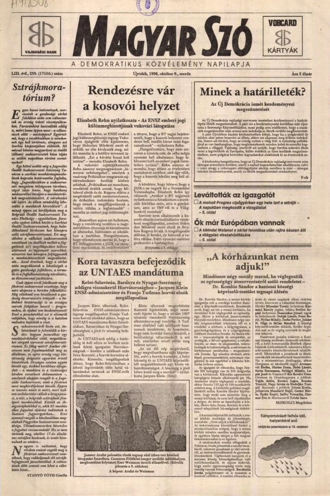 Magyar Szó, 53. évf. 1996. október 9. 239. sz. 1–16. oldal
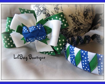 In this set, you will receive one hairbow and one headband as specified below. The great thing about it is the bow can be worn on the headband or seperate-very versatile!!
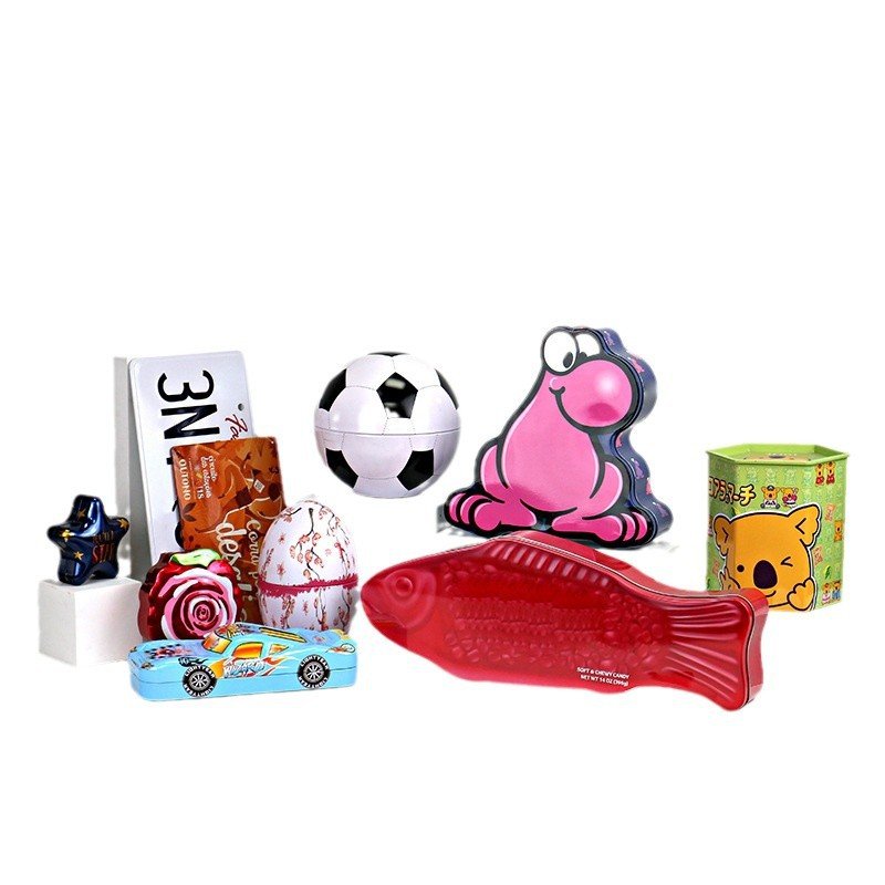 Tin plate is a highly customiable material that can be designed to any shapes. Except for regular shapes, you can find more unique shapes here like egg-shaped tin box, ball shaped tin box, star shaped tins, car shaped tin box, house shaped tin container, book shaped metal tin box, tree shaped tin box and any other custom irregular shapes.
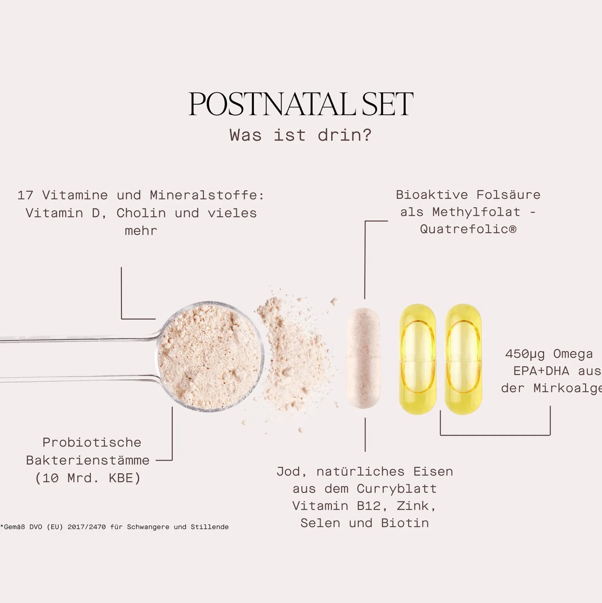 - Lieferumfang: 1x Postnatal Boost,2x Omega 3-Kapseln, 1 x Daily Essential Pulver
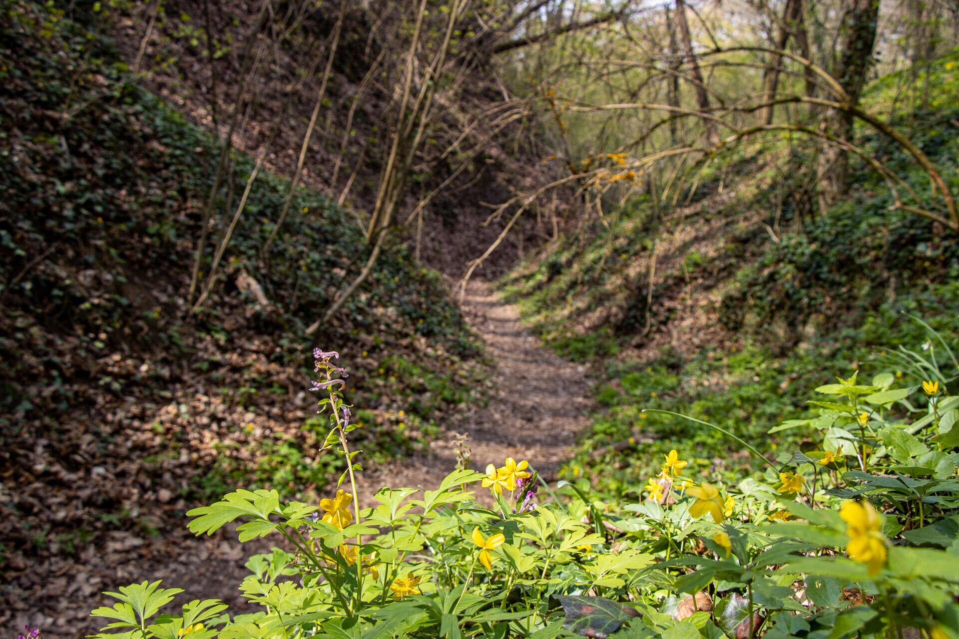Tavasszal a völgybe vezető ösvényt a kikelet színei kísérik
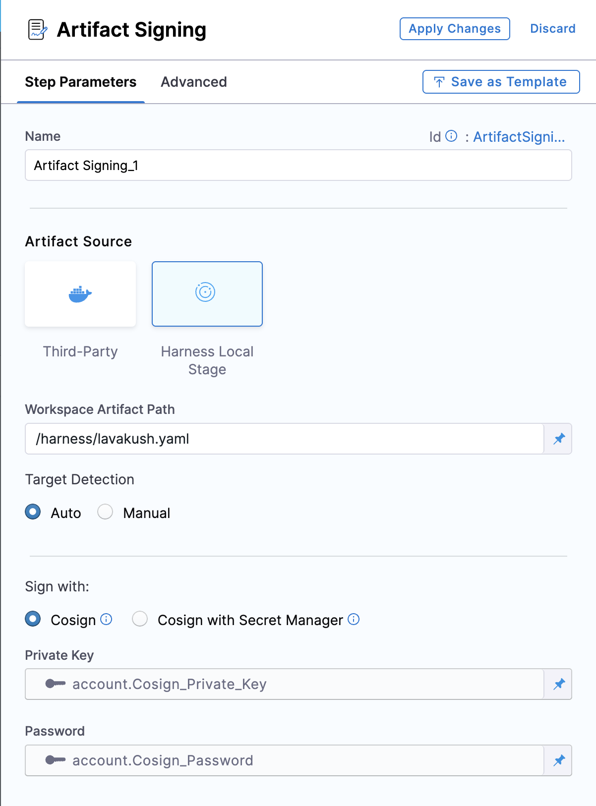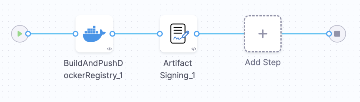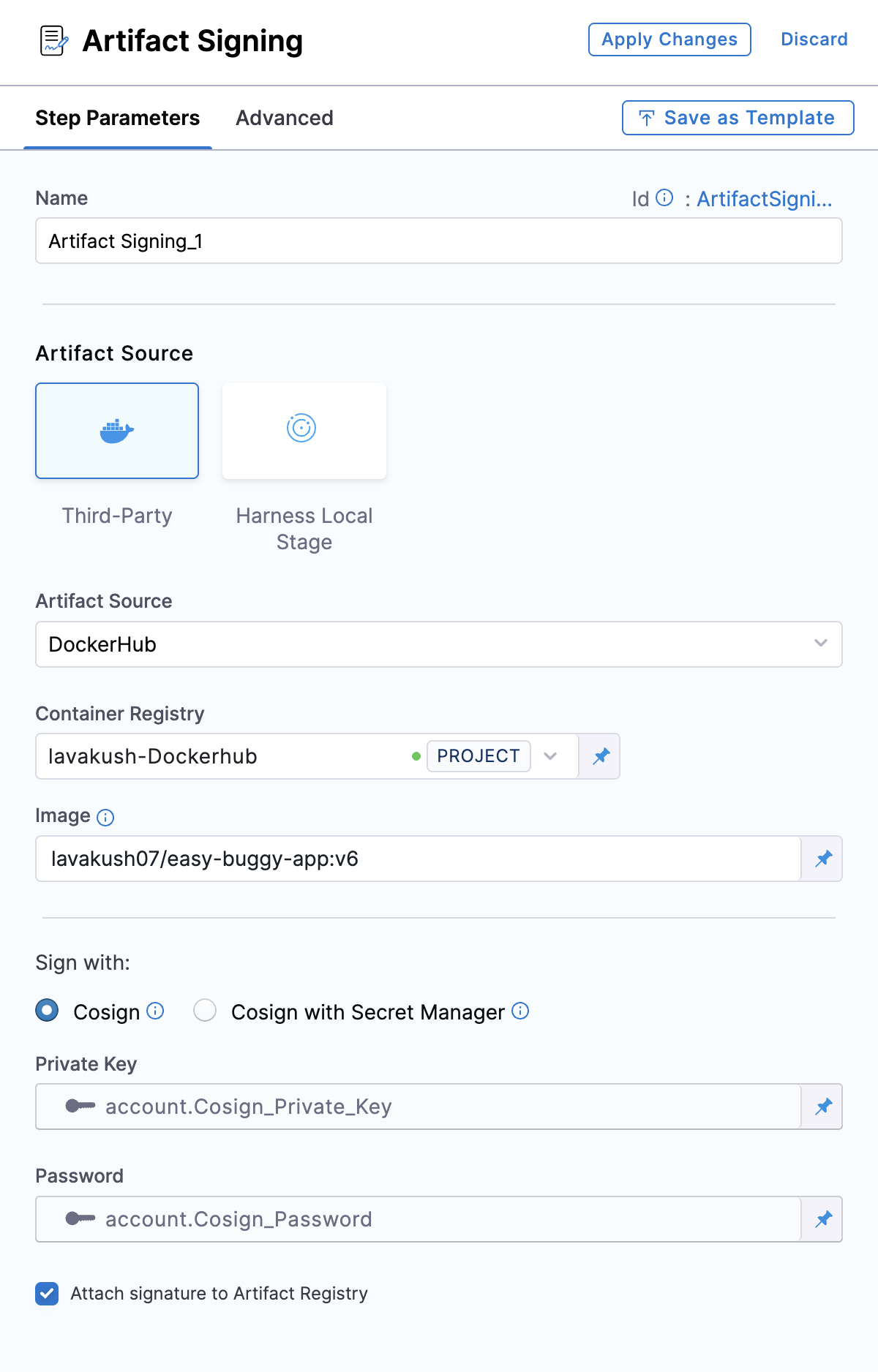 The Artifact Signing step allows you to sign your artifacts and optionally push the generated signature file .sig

==

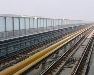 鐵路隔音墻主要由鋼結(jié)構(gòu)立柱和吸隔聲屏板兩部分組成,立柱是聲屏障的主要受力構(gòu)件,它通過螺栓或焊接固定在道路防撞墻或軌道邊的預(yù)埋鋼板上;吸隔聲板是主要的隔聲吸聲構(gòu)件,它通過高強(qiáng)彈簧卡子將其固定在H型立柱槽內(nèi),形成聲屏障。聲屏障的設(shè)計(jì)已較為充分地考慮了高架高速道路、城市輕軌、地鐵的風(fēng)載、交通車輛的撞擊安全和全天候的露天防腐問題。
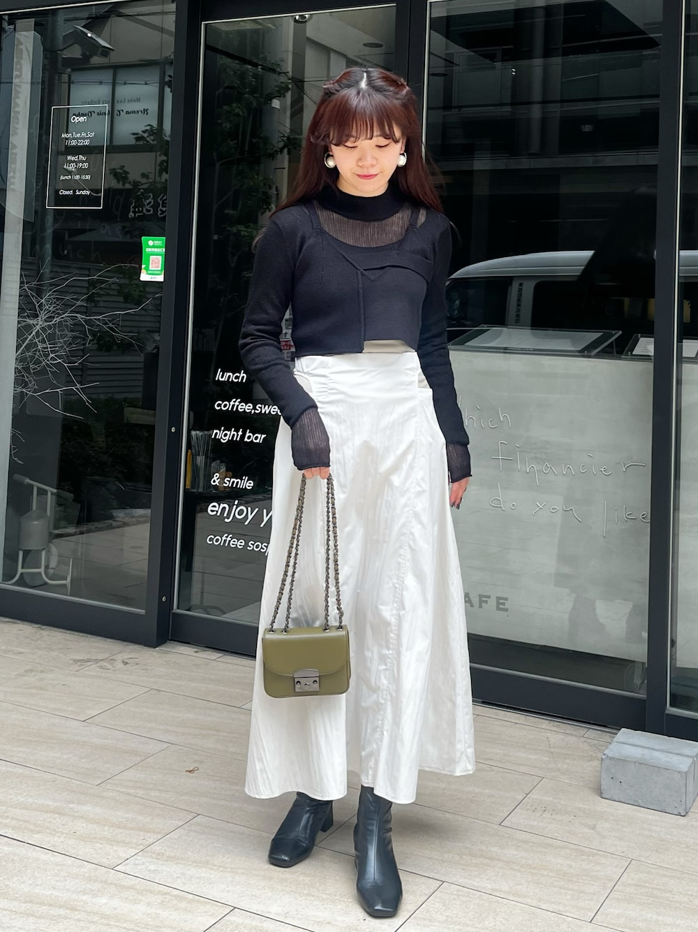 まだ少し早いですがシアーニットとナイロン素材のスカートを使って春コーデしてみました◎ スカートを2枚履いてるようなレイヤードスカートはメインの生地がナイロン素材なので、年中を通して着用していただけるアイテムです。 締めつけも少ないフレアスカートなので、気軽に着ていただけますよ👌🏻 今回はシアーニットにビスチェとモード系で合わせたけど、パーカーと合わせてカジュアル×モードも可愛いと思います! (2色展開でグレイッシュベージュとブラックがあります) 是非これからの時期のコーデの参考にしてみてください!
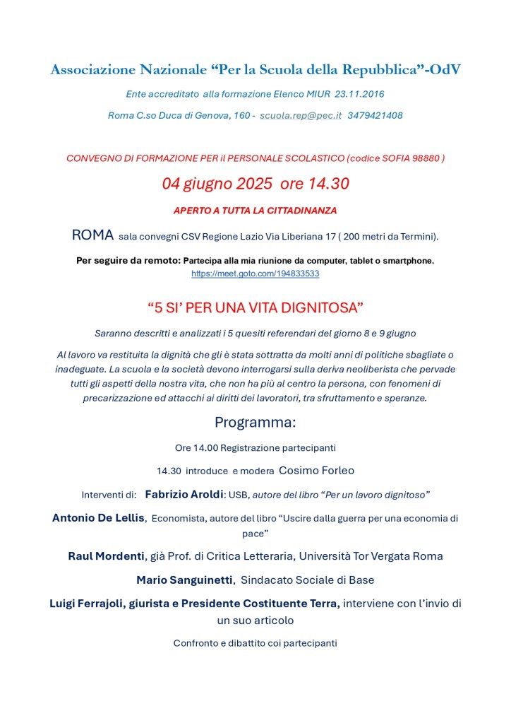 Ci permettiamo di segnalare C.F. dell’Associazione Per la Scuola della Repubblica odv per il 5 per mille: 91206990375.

...

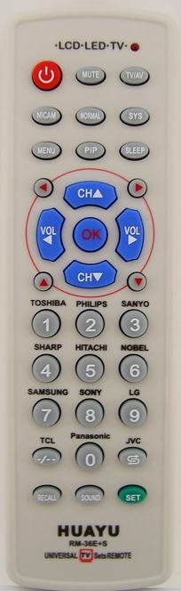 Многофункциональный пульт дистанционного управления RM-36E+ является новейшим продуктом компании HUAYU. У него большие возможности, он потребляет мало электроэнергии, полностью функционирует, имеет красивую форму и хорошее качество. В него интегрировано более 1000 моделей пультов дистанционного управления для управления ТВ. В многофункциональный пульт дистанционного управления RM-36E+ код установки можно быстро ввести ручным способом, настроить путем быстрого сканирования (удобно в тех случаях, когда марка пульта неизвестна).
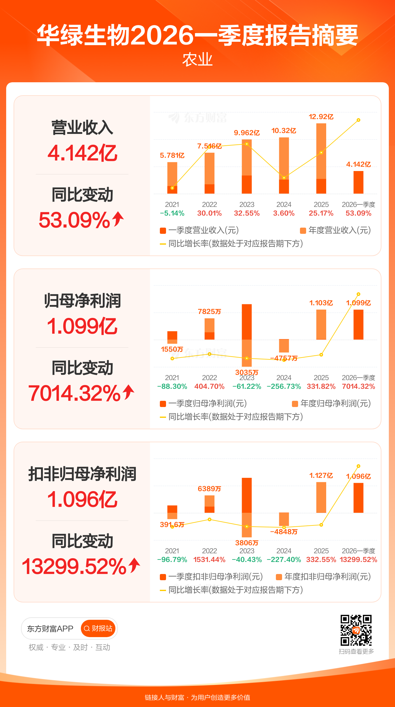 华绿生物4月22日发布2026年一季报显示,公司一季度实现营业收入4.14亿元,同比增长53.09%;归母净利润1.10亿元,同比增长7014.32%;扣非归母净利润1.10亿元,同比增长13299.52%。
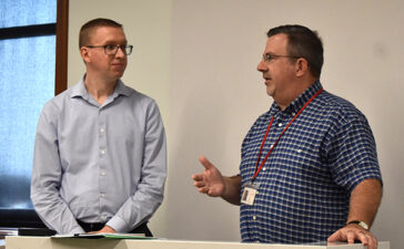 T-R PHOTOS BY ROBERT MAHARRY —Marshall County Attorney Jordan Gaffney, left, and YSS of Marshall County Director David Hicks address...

### Task to carry out
Set down, exactly as written above, each line from the one with "Magyar Szó, 53." through the one with "The Artifact Signing", and skip the pictures.

### Task result
 Magyar Szó, 53. évf. 1996. október 9. 239. sz. 1–16. oldal
 In this set, you will receive one hairbow and one headband as specified below. The great thing about it is the bow can be worn on the headband or seperate-very versatile!!
 Tin plate is a highly customiable material that can be designed to any shapes. Except for regular shapes, you can find more unique shapes here like egg-shaped tin box, ball shaped tin box, star shaped tins, car shaped tin box, house shaped tin container, book shaped metal tin box, tree shaped tin box and any other custom irregular shapes.
 - Lieferumfang: 1x Postnatal Boost,2x Omega 3-Kapseln, 1 x Daily Essential Pulver
Tavasszal a völgybe vezető ösvényt a kikelet színei kísérik
 The Artifact Signing step allows you to sign your artifacts and optionally push the generated signature file .sig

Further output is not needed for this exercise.